### Exercise
Set the pictures aside and transcribe exactly the lines from the one containing "Examine the other" through the final line of the records.

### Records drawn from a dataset
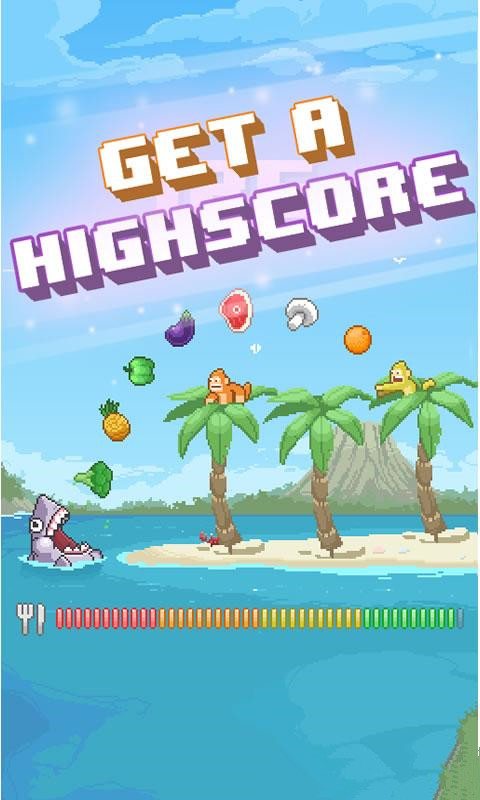 《吃素的鲨鱼 Salad Shark》是一款轻松令人欲罢不能的休闲小游戏。竟然有鲨鱼不吃肉你敢信?他竟然爱吃茄子黄瓜菠萝!还和岸上的几只猴子有一腿!这个世界太疯狂了~~不过,不吃东西鲨鱼会饿的~你得点击屏幕让它张开嘴!猴子们会把他们从椰子树上采摘来的各种蔬菜水果扔给你,当然,椰子树上也生产牛排。别忘记,鲨鱼可不吃肉!【游戏特色】
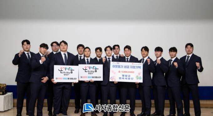 ¾¾¸§´ÜÀº ÀÌ·¸µí Áö¿ª»çȸ ¾ÈÆÆÀÇ ¼º¿ø¿¡ º¸´äÇÏ´Â Àǹ̷ΠÀÌ¿ôµ½±â ¼º±Ý 500¸¸¿øÀ» ¿µ¾Ï±º¿¡, ±è¹ÎÀç Àå»ç´Â ÀåÇÐ±Ý 1,000¸¸¿øÀ» (Àç)¿µ¾Ï±º¹Ì·¡±³À°Àç´Ü¿¡ ±âºÎÇϸç Çà»ç¸¦ ºû³Â´Ù.
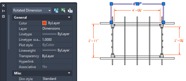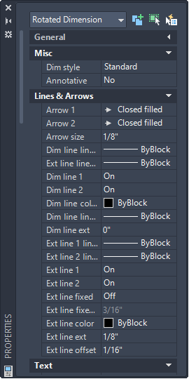 Examine the other properties of the dimension object displayed on the Properties palette.
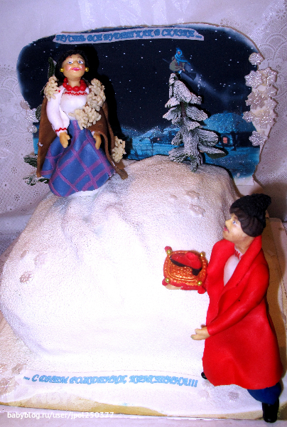 ПУСТЬ БУДЕТ ХУТОР И МНОГО СНЕГА, ХАТЫ , ВАКУЛА,ОКСАНА , ВЕДЬМА И ЧЕРТ. ЕСЛИ ПОЛУЧИТСЯ ТО МОЖНО СДЕЛАТЬ КАК ЧЕРТ ВОРУЕТ МЕСЯЦ В КАРМАН. И НАДПИСЬ : ПУСТЬ ВСЕ БУДЕТ КАК В СКАЗКЕ. СДНЕМ РОЖДЕНИЯ, КРИСТИНА ))))
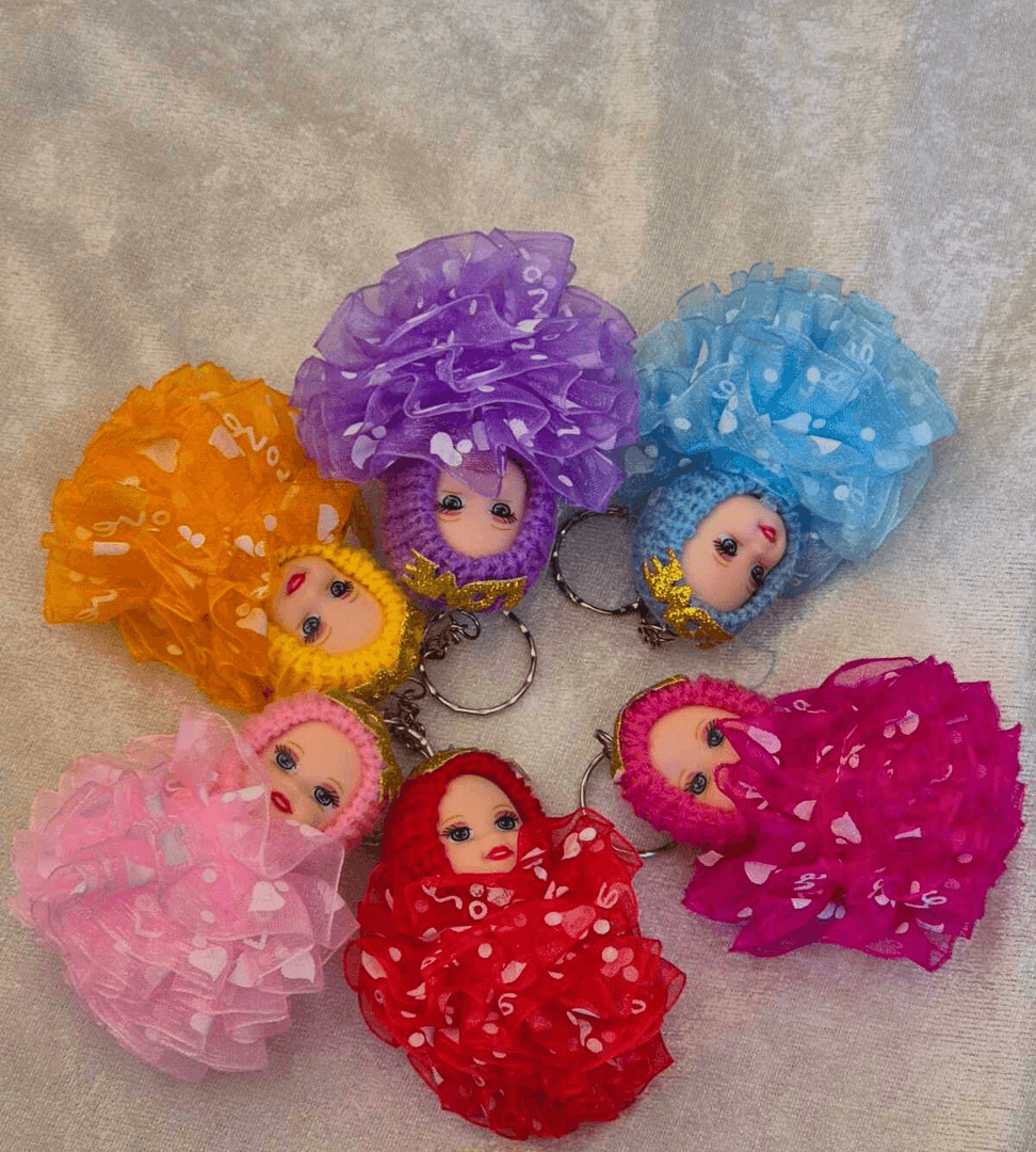 silikon tüllü mor bebek lüks anahtarlık çanta aksesuar

### Solved exercise
 Examine the other properties of the dimension object displayed on the Properties palette.
 ПУСТЬ БУДЕТ ХУТОР И МНОГО СНЕГА, ХАТЫ , ВАКУЛА,ОКСАНА , ВЕДЬМА И ЧЕРТ. ЕСЛИ ПОЛУЧИТСЯ ТО МОЖНО СДЕЛАТЬ КАК ЧЕРТ ВОРУЕТ МЕСЯЦ В КАРМАН. И НАДПИСЬ : ПУСТЬ ВСЕ БУДЕТ КАК В СКАЗКЕ. СДНЕМ РОЖДЕНИЯ, КРИСТИНА ))))
 silikon tüllü mor bebek lüks anahtarlık çanta aksesuar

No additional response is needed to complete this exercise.